Monday, January 8, 2018

Reading the Research: The Role of Body Image in Health

Welcome back to Reading the Research, where I trawl the Internet to find noteworthy research on autism and related subjects, then discuss it in brief with bits from my own life, research, and observations.

In honor of the new year, and my personal distaste for new year's resolutions, today's article deals with an oft-ignored strategy for being happier and healthier.  Rather than chasing after an ideal body type, work with the one you have.
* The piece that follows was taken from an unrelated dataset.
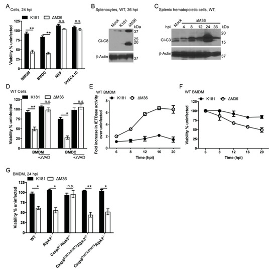 Caspase (CASP)8 activity is required for ∆M36-induced apoptosis. (A) Relative viability of bone marrow-derived macrophages (BMDM), bone marrow-derived dendritic cells (BMDC), murine embryonic fibroblasts (MEF), and SVEC4-10 cells infected for 24 h (h) with K181 or ∆M36 at MOI = 10. Relative viability was assessed with respect to parallelly maintained uninfected cells. All viability data are from 2 to 5 independent experiments. (B,C) Immunoblot (IB) for activated cleavage products of CASP8 (Cl-C8, 18 kDa) (B) and CASP3 (C) (Cl-C3; 22 and 19 kDa) in splenocytes (B) or splenic hematopoietic cells (HC; C) from mice infected with K181 or ∆M36 at indicated hours post-infection (hpi). IB are representatives of data obtained from 10 to 12 mice in 3 to 5 independent experiments for either B or C. (D) Relative viability of BMDM and BMDC cells at 24 hpi with K181 or ∆M36 in the absence or presence of zVAD-fmk (25 μM). The drug was added 1 hpi with virus and maintained till the end of the assay. E and (F) CASP8 activity on substrate sequence isoleucine-glutamine-threonine-aspartic acid (IETD) (E) and relative viability (B) of infected wild type (WT) BMDM from 6 through 20 hpi. (G) Relative viability of BMDM at 24 hpi when indicated genotypes were infected with K181 or ∆M36. Graphs show pooled data from 3 to 5 experiments for each condition. Lines above bars indicate the two groups compared for significance values using paired, parametric Student’s t-test where * is <0.05, ** is <0.01, and n.s. represents nonsignificant.
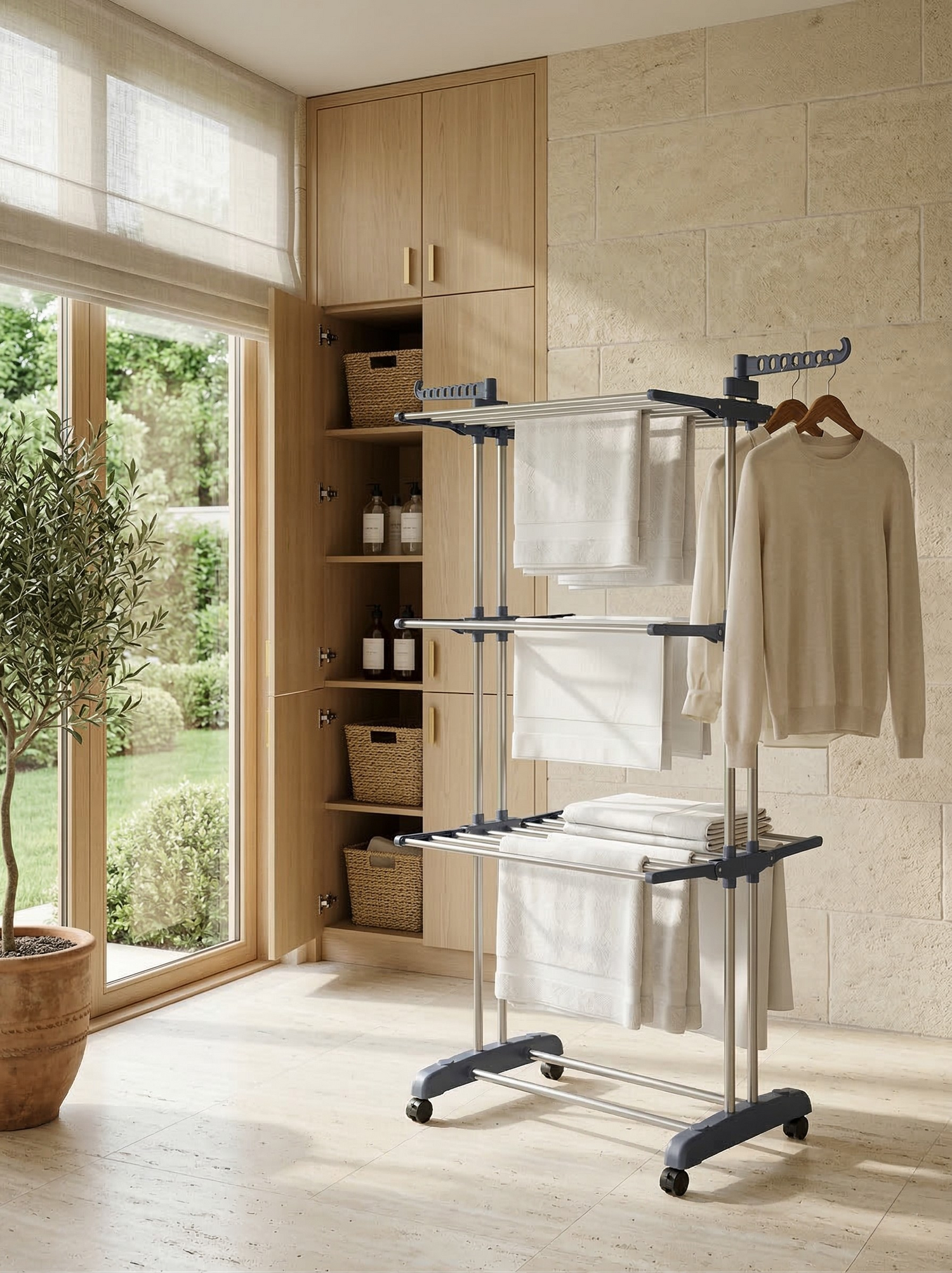 Étendoir à linge effet bois – élégant, robuste et pensé pour le quotidien

Quoted from the article, which is quoted from the professor who headed this study: "Consider what is really going to make you happier and healthier in 2018: losing 10 pounds or losing harmful attitudes about your body?"

She is not wrong.  Consider the image below.  On the left, the actual picture as originally taken.  On the right, the photoshopped version that was later published.

I chose this particular image because the person here clearly has my body type: the pear.  She is large in the thighs, and probably has pretty strong legs.  The photoshopped version strips her of this, narrowing her hips, shoulders, legs, and middle.  In pursuit of what, I'm not really sure.  Supposedly, beauty. There's a lot more out there where this came from.  Also, depressingly, this is not just a female body beauty problem. 

I used to have some really negative opinions about my body, and still somewhat do.  While I spent most of my childhood relatively oblivious to the beauty industry, the thousands of photoshopped pictures, anorexic models on TV, and perfectly fit movie stars have taken their toll.  My gut reaction, in regards to my body, is to despair, because I will never look like that.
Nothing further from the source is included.